Monday, November 16th, 2009

My ASUS’ motherboard was recently blown, so I ended up getting a netbook to use until I get a more powerful laptop. Since I mostly use my laptop for development and web browsing, I don’t have a very pressing need for a hugely powerful comptuer anyway. I got an Acer ASPIREOne, which was one of the cheapest ones I could find on short notice.

I really should have learned this by now, but you should regularly back up all your files.
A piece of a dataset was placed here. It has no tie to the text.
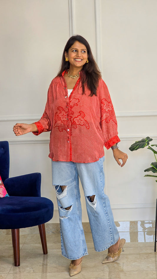 Crimson Red Bandhej Shirt

I had most of my documents in SVN and Dropbox, but losing my current changes to my repositories is pretty annoying. I’m currently copying over files, since my hard drive is OK, but I htink I’m going to move as much as possible onto Dropbox.

Dropbox is a program that is used for backing up and synchronizing files across computers. It acts as just a regular folder on your computer, and when changes are made they are propogated up to Dropbox’s servers. It works offline and can be used with pretty much any OS. The first 2GB you use are free; if you need any more, they charge you.

The one problem I have so far with the netbook so far is the keyboard. It’s understandable that it’s small, but some of the keys are in strange position, makign it more annoying than it should be. For example, there are two ‘\’ keys, neither of which are in the correct position and both in spaces better used by ther keys. The placement of them makes the left shift key to be very small, and the ‘Enter’ button to not be as wide as I’m used to. I’m not sure that this was at all necessary.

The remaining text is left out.